New Zealand prime minister Jacinda Ardern promised on Tuesday that the man responsible for last week’s deadly mosque massacres would face ‘the full force of the law’, as she vowed never to utter his name.
‘He sought many things from his act of terror, but one was notoriety - that is why you will never hear me mention his name,’ Ardern said in an emotional address to a special meeting of parliament, which she opened with the Arabic greeting ‘as salaam aleikum’ - ‘peace be upon you’.
‘I implore you - speak the names of those who were lost rather than the name of the man who took them,’ she told the gathering in Wellington, four days after the massacre in the southern city of Christchurch.
‘He is a terrorist. He is a criminal. He is an extremist. But he will, when I speak, be nameless,’ she said.
Australian Brenton Tarrant, 28, was captured by police and has been charged with one count of murder, but Ardern assured parliament other charges would follow.
‘He will face the full force of the law in New Zealand,’ she said.
Ardern has promised reforms to New Zealand gun laws which allowed Tarrant to legally purchase the weapons he used in the attack, including semi-automatic rifles.
And she announced a full review of how the Australian - an avowed white supremacist - was able to plan and carry out the attacks in New Zealand under the radar of security services.
‘The person who committed these acts was not from here. He was not raised here. He did not find his ideology here.

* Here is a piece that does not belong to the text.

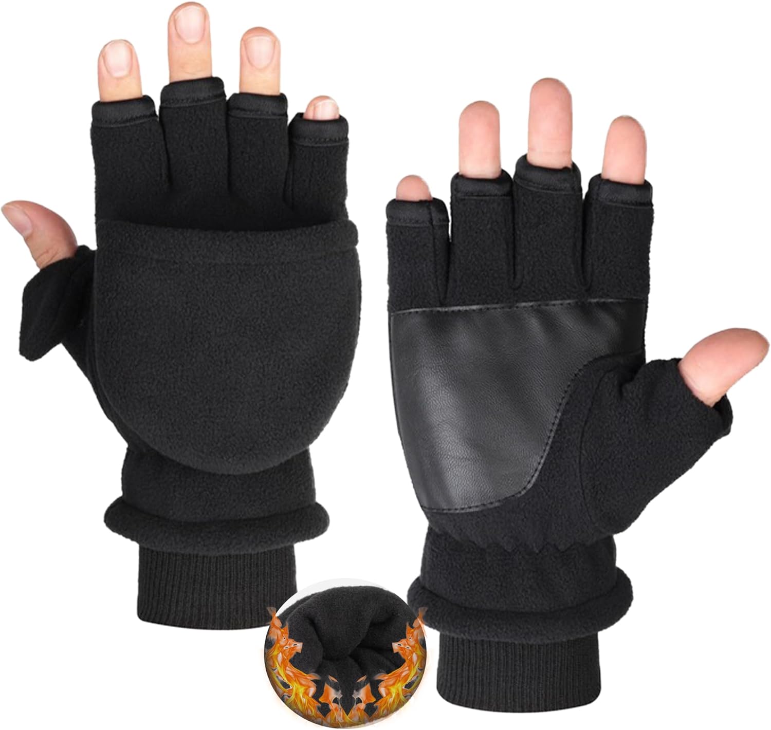 - 2-in-1 Convertible Design: These fingerless gloves for men and women feature a flip-top mitten cap secured with Hook and Loop, easily converting from warm mittens for cold weather to dexterous fingerless gloves for typing, driving, or running

But that is not to say that those very same views do not live here,’ she said.
The bodies of six of the Christchurch massacre victims have been released to their families, New Zealand police said Tuesday, but they warned only a fraction of the 50 people killed had been fully identified, with the delay angering anguished relatives.
Muslims whose loved ones were gunned down by an Australian white supremacist at two mosques last Friday have had their grief compounded by the failure of the authorities to return bodies to families in time for a speedy burial, as required under Islamic custom.
Police in Christchurch said only 12 of the 50 victims had been identified, and appeared to warn next of kin to brace for further delays.
‘We are doing all we can to undertake this work as quickly as possible and return the victims to their loved ones,’ a police statement said.
‘While identification may seem straightforward the reality is much more complex, particularly in a situation like this.’
But the forensic delays are casting a cloud over New Zealand’s handling of the horrific ordeal.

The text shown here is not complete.